Ricardo Parada

Personal information
- Full name: Ricardo Alex Parada Saéz
- Date of birth: January 2, 1985 (age 40)
- Place of birth: San Pedro de la Paz, Chile
- Height: 1.74 m (5 ft 8+1⁄2 in)
- Position(s): Striker

Youth career
- 1997–2003: Universidad de Concepción

Senior career*
- Years: Team / Apps / (Gls)
- 2003–2007: Universidad de Concepción / 78 / (19)
- 2003: → Ñublense (loan) / – / (–)
- 2004: → Ñublense (loan) / – / (–)
- 2008: Lobos BUAP / 11 / (4)
- 2008: Provincial Osorno / 14 / (3)
- 2009: Deportes Antofagasta / 7 / (0)
- 2009: Curicó Unido / 5 / (0)
- 2010–2011: Deportes Puerto Montt / 21 / (1)
- 2012–2013: Deportes Copiapó / 30 / (14)
- 2014: Deportes Valdivia / 0 / (0)
- 2015–2016: Naval / 11 / (0)
- Total:  / 177 / (41)

International career
- 2005: Chile U20 / 8 / (2)

= Ricardo Parada =

Chilean footballer (born 1985)

Ricardo Alex Parada Sáez (born January 2, 1985), is a Chilean former footballer who last played as a striker.

== Career ==
Ricardo Parada, also known by his nickname Pescadito (Little Fish), is a former footballer from the lower divisions of the Club Deportivo Universidad de Concepción, where he was always the top-scorer.

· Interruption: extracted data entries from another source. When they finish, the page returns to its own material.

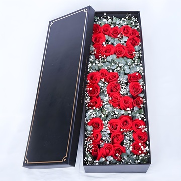 长方形礼盒装(礼盒颜色根据店里安排)花语:我要用沧海桑田不变的爱来打动你的心,用海枯石烂不朽的爱来滋润你的心,用一生一世永恒的爱来呵护你的心。附送: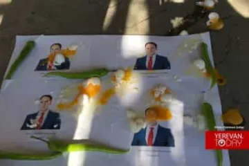 Ձվերով ու ծիծակներով ակցիա՝ իմքայլական պատգամավոր Սիսակ Գաբրիելյանի տան մոտ. (տե...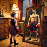 A young boy sees himself grown in the mirror, looking back as a strong boxer.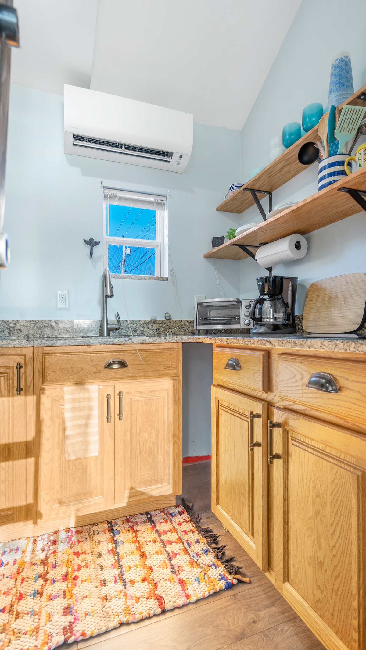 Comfy condo with lofted bed across the street from Maine's beautiful Pine Point beach. Private entrance with one on-site parking spot. Queen bed in lofted area, efficient kitchen area with fridge and convection microwave for preparing snacks and small meals. Wifi and TV equipped with a streaming device. Perfect for one or two people comfortable sharing an intimate space after returning from a day exploring our local trails, beaches, and restaurants.
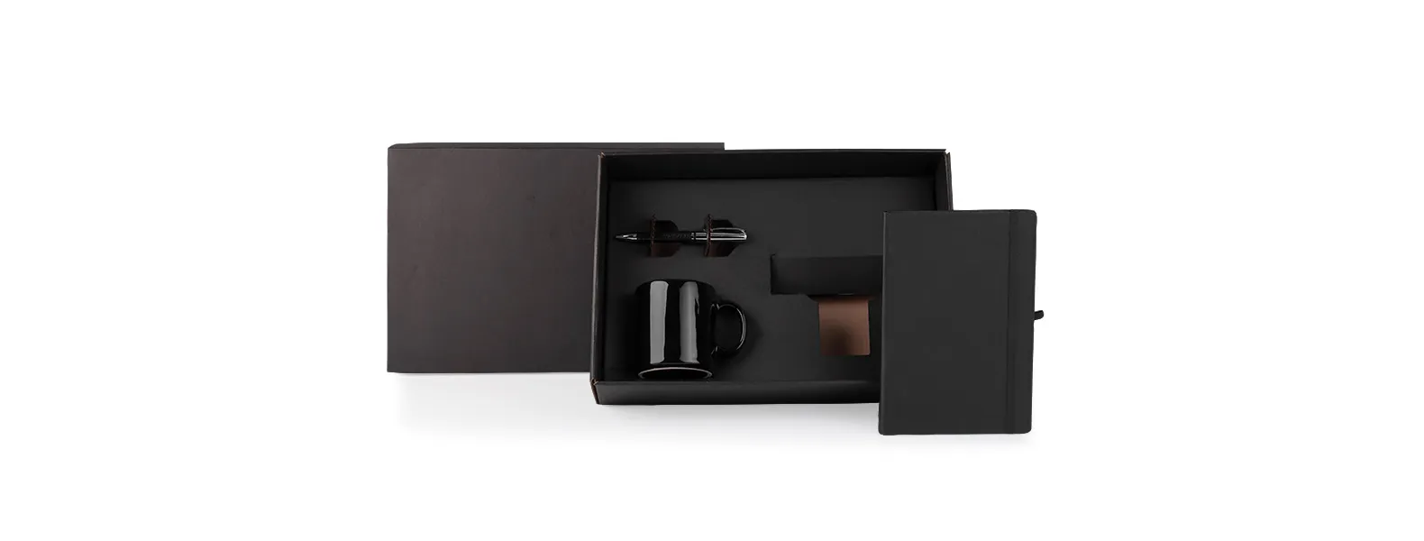 O Kit com Caneca e Acessórios – 3 Peças é uma combinação elegante e funcional, perfeita para presentear ou promover a marca da sua empresa. Composto por uma caneca em cerâmica preta, um caderno para anotações preto com capa dura, e uma caneta confeccionada em metal cromado brilhante com corpo revestido em material sintético preto texturizado, este conjunto proporciona uma experiência completa. A quantidade mínima para adquirir este kit é de 10 unidades.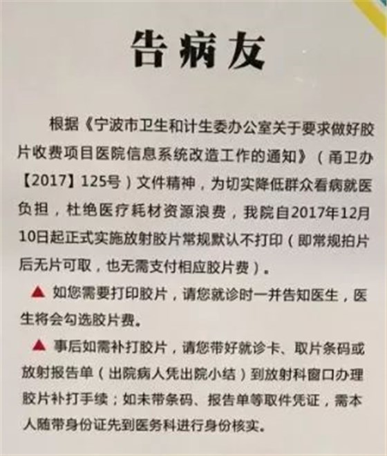 在此之前,浙江省寧波市北侖區(qū)人民醫(yī)就發(fā)布一則通知,核心內(nèi)容就一個:從2017年12月10日開始醫(yī)用膠片不再默認打印,病人也無需支付相應費用,如果外院會診或者涉及到第三方賠付需要膠片的自行到相關窗口繳費并補打。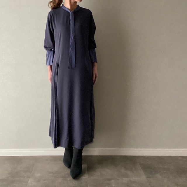 ワンピース 袖プリーツ 配色 長袖 ライトネイビー フリーサイズ【120338】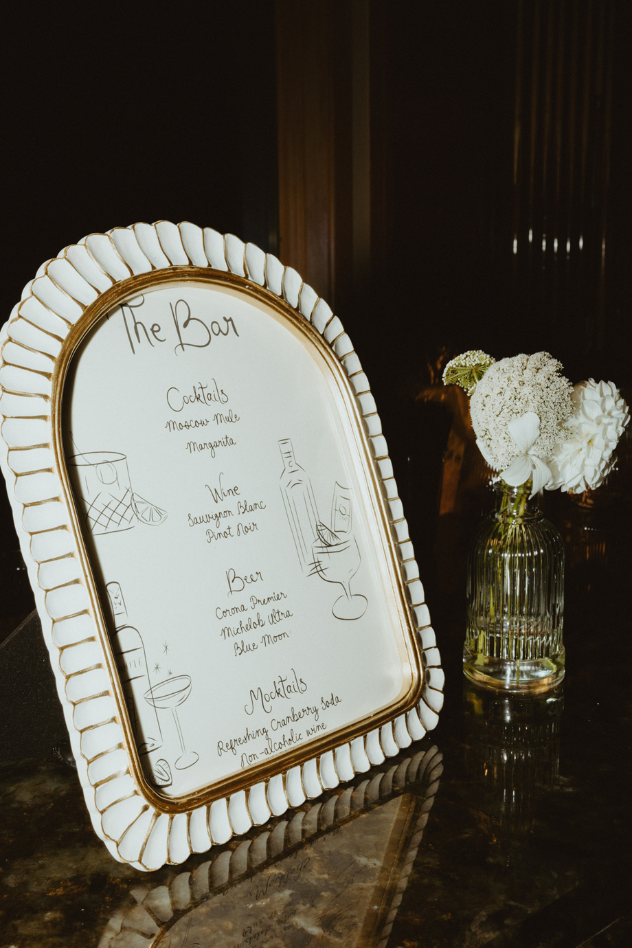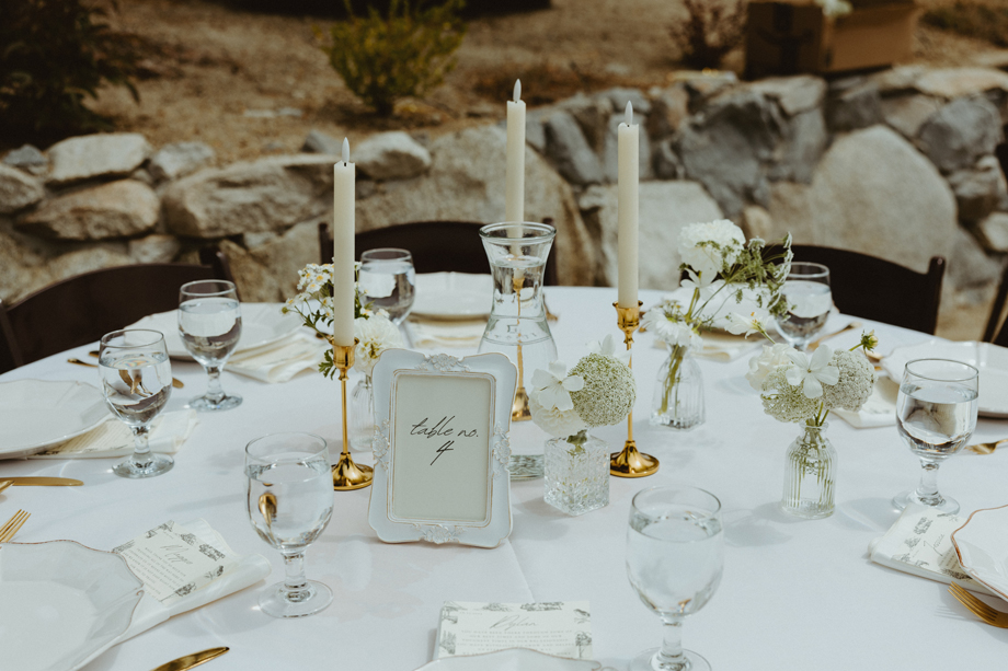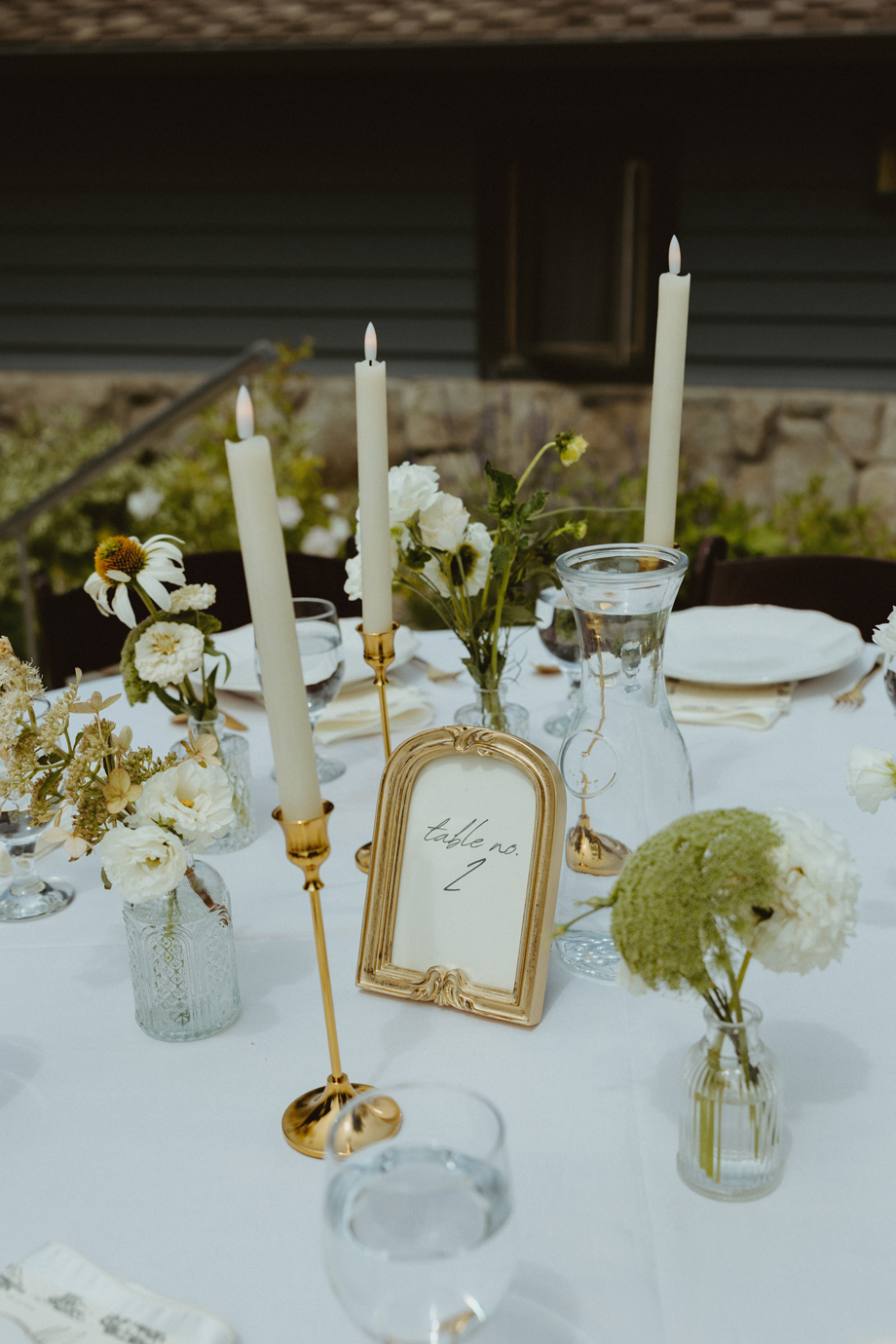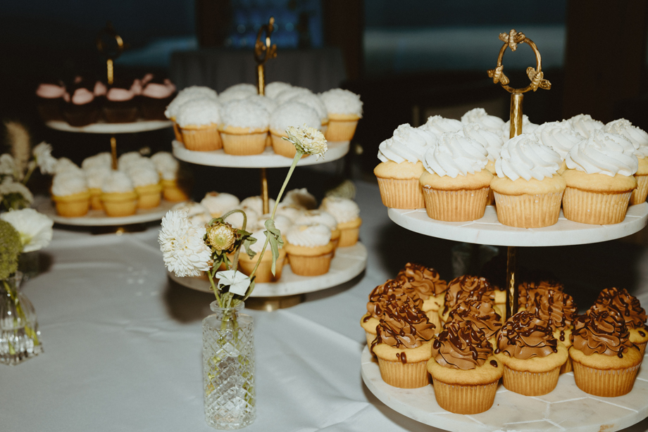 The white wildflowers and bridesmaids’ Cosmos bouquets! It was so pretty on the tables having the wild flowers with the gold accents. The gold really made it feel very classy.

In 2003, he was sent to Ñublense, until the second half of 2004, having won the third division championship, when he returned to the Club Deportivo Universidad de Concepción. He scored 5 goals in the Clausura championship in 2007. In 2008, he was signed by the Lobos de la BUAP, a Mexican football club. In the second half of that year, he was signed by Provincial Osorno. Since then, he has played with Antofagasta, Curicó Unido, Deportes Puerto Montt, Deportes Copiapó and Naval.

== National team ==
Parada played for Chile at the 2005 FIFA U-20 World Cup, where they were eliminated in the first knockout round.